About Sabra Healthcare REIT
Sabra Health Care REIT, Inc. is a real estate investment trust. The Company, through its subsidiaries, owns and invests in real estate serving the healthcare industry. The Company’s segment includes investments in healthcare-related real estate properties. The Company’s primary business consists of acquiring, financing and owning real estate property to be leased to third-party tenants in the healthcare sector. As of December 31, 2016, the Company’s investment portfolio consisted of 183 real estate properties held for investment (consisting of 97 skilled nursing/transitional care facilities, 85 senior housing facilities, and one acute care hospital); 10 investments in loans receivable (consisting of four mortgage loans, one construction loan, one mezzanine loan, three pre-development loans and one debtor-in-possession (DIP) loan) and 12 preferred equity investments. It has properties located in New Hampshire, Texas, Florida, Kentucky, Ohio, Maryland and Nebraska, among others.

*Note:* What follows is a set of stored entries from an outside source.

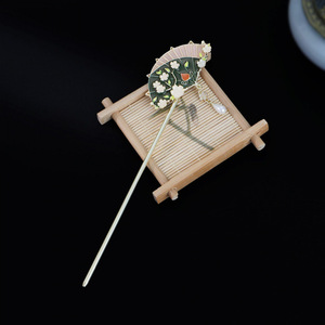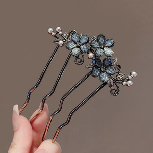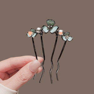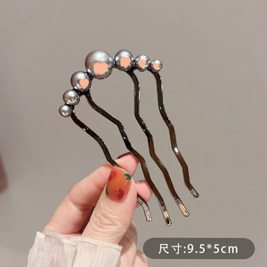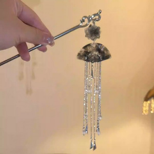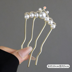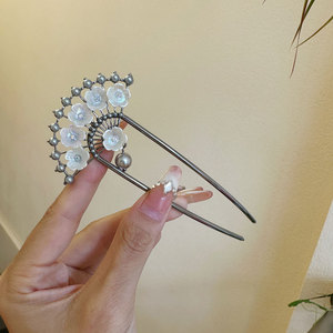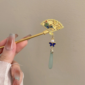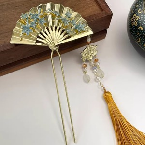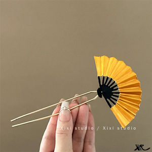 古风金色扇子发簪新中式高端头饰u型发钗秋冬氛围感优雅盘发簪子
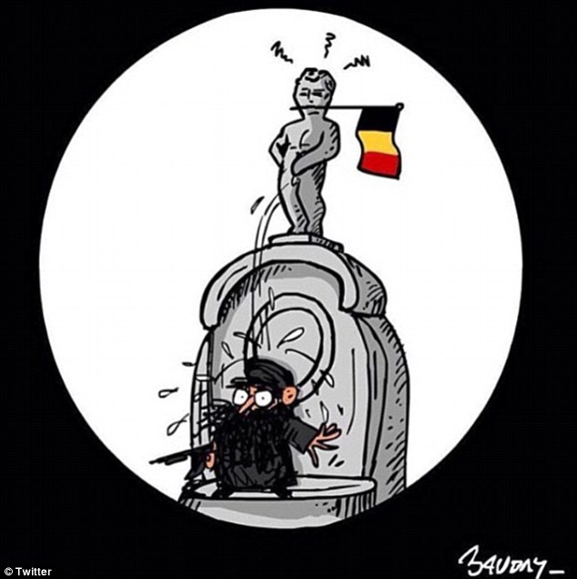 眾所周知,“撒尿小童”(Manneken Pis)是布魯塞爾廣場的標(biāo)志性建筑,也是游客必游的景點(diǎn)。有網(wǎng)友就借此制作漫畫,展示對恐怖主義的藐視。
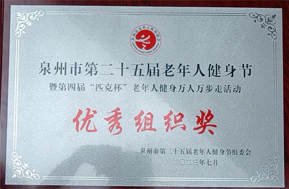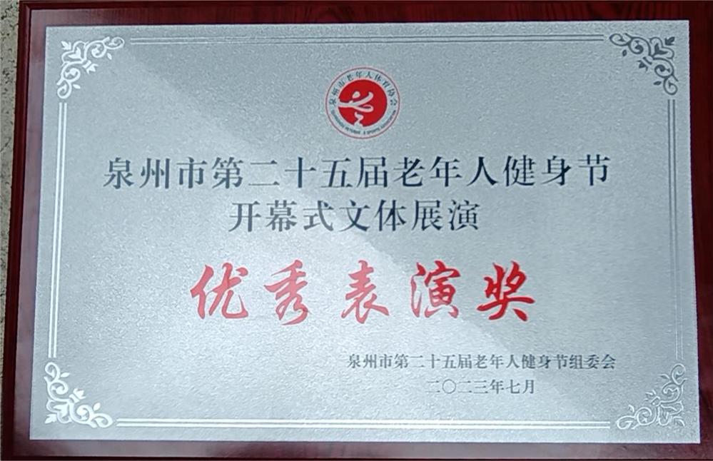 据悉,颁奖仪式共有15个单位荣获泉州市第二十五届老年人健身节暨第四届“匹克杯”老年人健身万人万步走活动“优秀组织奖”、共有7个单位荣获开幕式文体展演“优秀表演奖”。(校老体协)
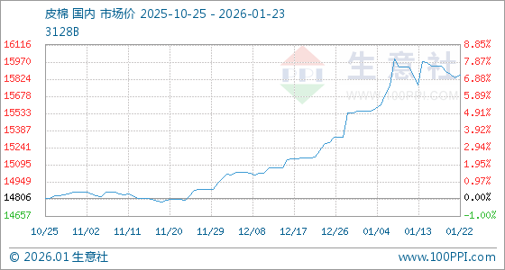1月23日,生意社皮棉基准价为15857.67元/吨,与本月初(15549.17元/吨)相比,上涨了1.98%。
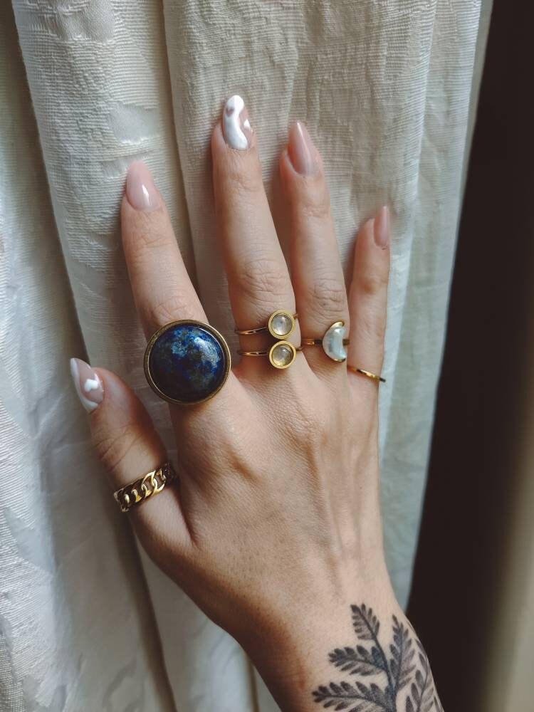A dainty crystal ring made of gold stainless steel with an adjustable band. The ring features a round polished rainbow moonstone crystal in AAA quality of 6mm in diameter. Packaging Each item is packaged keeping in mind an eco friendly policy. Jewelry is presented in a reusable organza bag in a recyclable/reusable gift box.

About Universal Health Realty Income Trust
Universal Health Realty Income Trust is a real estate investment trust (REIT). The Company invests in healthcare and human service related facilities, including acute care hospitals, rehabilitation hospitals, sub-acute facilities, surgery centers, free-standing emergency departments, childcare centers and medical office buildings (MOBs). As of February 28, 2017, the Company had 67 real estate investments located in 20 states in the United States consisting of six hospital facilities, including three acute care, one rehabilitation and two sub-acute; 54 MOBs; three free-standing emergency departments (FEDs), and four preschool and childcare centers. The Company’s facilities include Southwest Healthcare System, Inland Valley Campus, Wellington Regional Medical Center, Kindred Hospital Chicago Central, Vibra Hospital of Corpus Christi, Chesterbrook Academy, and Desert Valley Medical Center.